===== Supplied information =====

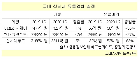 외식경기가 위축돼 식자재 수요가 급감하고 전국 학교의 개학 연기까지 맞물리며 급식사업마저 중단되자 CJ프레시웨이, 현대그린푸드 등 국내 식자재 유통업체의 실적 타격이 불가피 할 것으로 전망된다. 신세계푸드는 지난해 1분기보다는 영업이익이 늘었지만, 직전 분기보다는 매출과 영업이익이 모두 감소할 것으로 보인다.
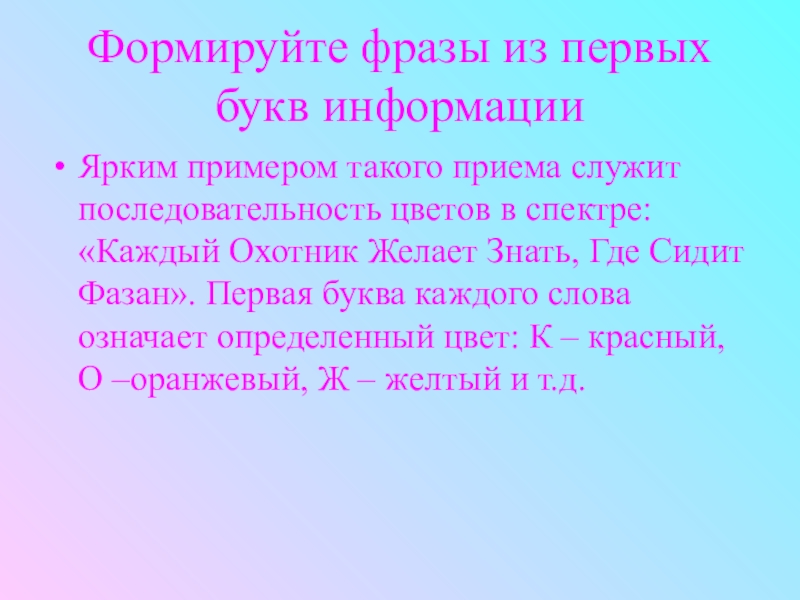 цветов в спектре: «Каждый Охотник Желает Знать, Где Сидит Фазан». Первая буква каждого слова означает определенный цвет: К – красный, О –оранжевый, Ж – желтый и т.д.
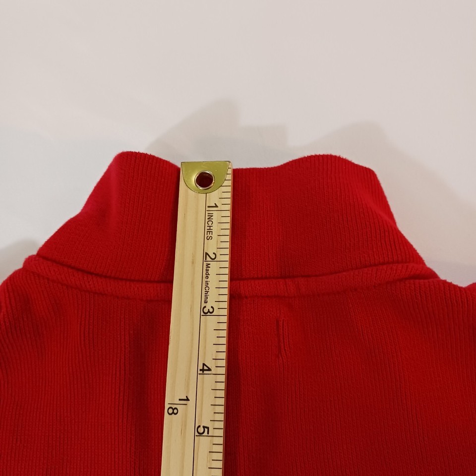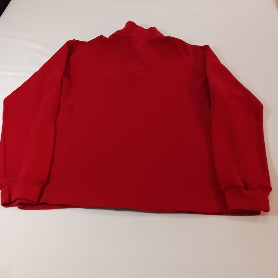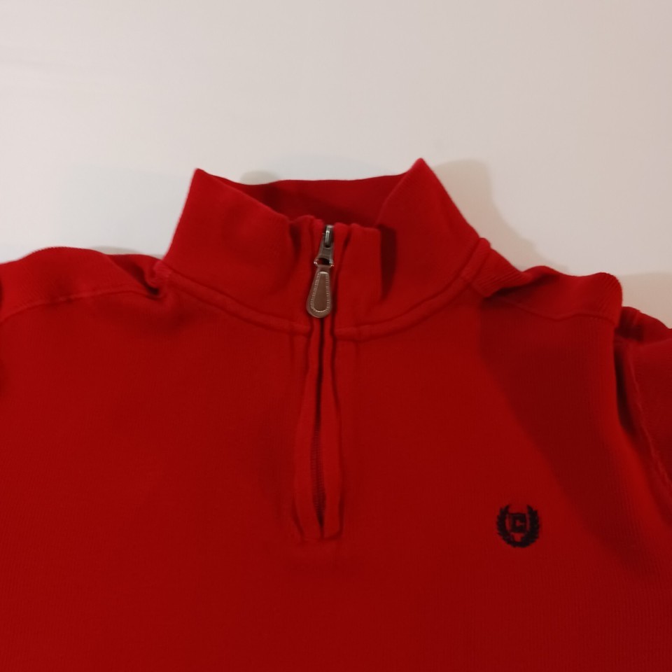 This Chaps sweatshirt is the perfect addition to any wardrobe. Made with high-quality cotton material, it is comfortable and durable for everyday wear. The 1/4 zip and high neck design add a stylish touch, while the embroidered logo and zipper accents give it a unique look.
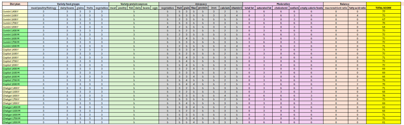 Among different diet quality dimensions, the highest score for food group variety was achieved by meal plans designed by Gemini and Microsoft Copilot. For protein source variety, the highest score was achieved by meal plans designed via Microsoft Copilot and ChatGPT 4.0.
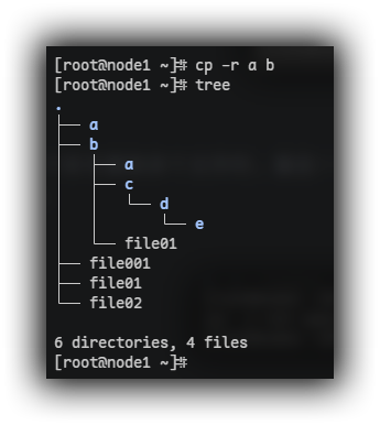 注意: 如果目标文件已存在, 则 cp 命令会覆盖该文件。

=====
===== Supplied information =====

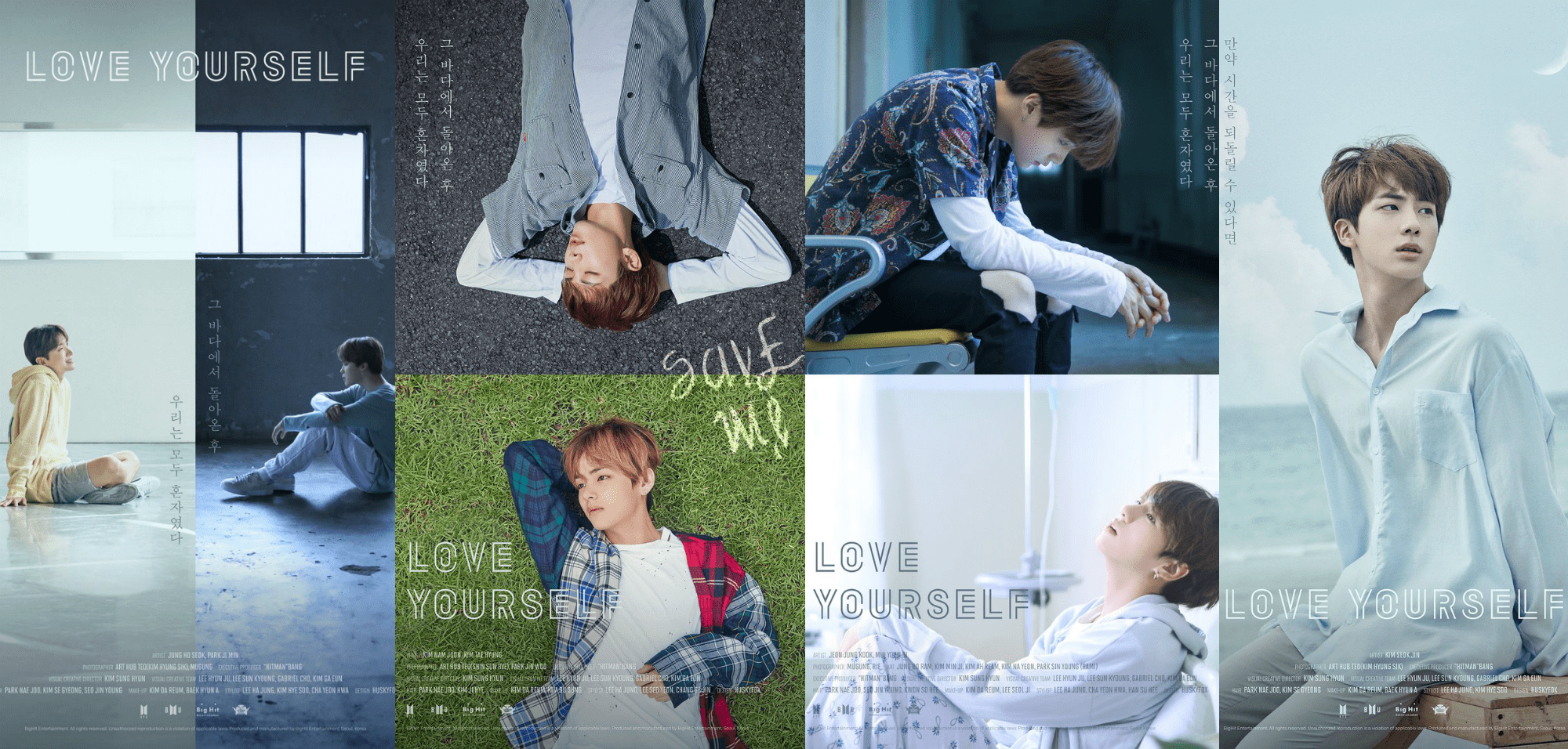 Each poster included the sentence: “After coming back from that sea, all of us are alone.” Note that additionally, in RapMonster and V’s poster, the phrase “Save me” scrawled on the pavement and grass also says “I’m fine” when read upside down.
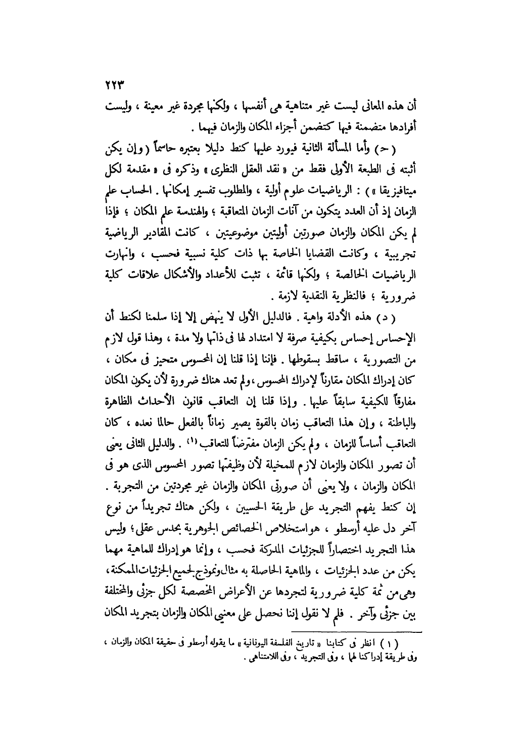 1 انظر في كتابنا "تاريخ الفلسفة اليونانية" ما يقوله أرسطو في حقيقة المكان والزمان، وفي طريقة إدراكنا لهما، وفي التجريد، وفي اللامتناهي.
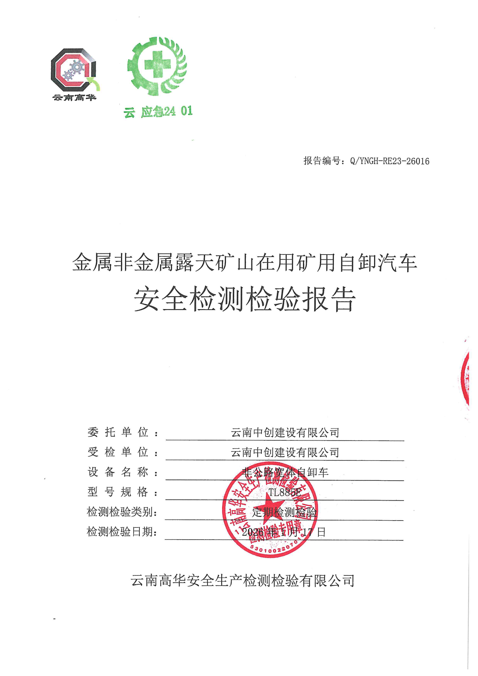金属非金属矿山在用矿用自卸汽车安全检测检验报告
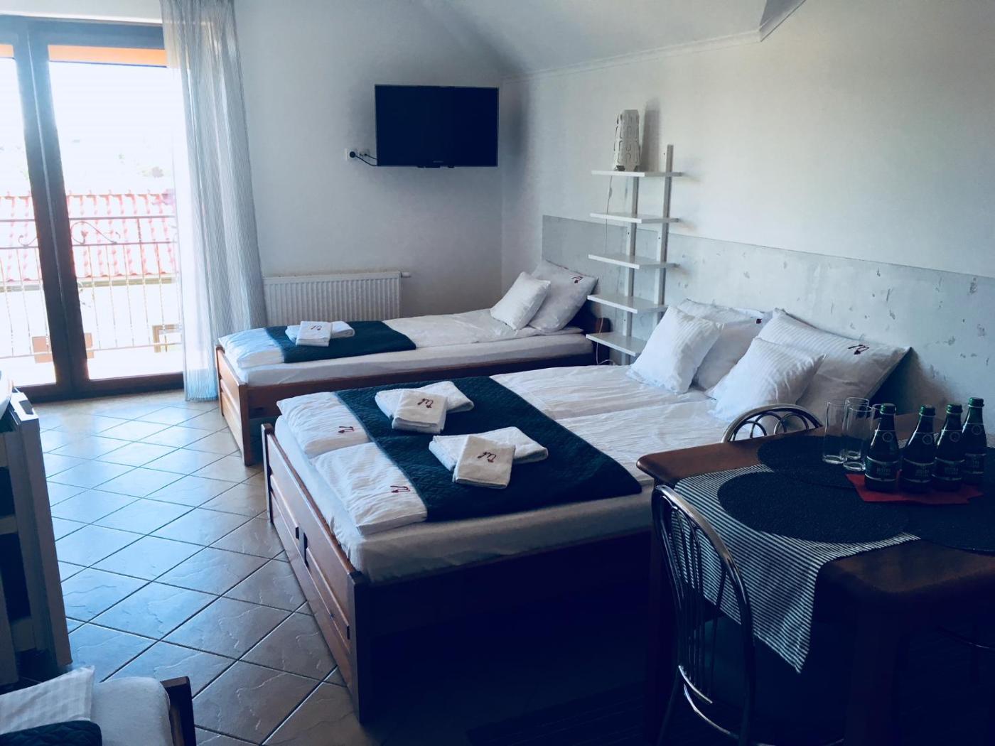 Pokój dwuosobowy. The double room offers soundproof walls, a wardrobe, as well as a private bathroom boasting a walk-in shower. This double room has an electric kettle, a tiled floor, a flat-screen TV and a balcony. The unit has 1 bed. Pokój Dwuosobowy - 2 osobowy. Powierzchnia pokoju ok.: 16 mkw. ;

=====

__Problem statement__
Pictures in the entries do not go into the copy. Print only the lines starting at the one containing "желтый и т.д." and ending at the one containing "This Chaps sweatshirt", exactly as they appear.

__Result below__
 цветов в спектре: «Каждый Охотник Желает Знать, Где Сидит Фазан». Первая буква каждого слова означает определенный цвет: К – красный, О –оранжевый, Ж – желтый и т.д.
 This Chaps sweatshirt is the perfect addition to any wardrobe. Made with high-quality cotton material, it is comfortable and durable for everyday wear. The 1/4 zip and high neck design add a stylish touch, while the embroidered logo and zipper accents give it a unique look.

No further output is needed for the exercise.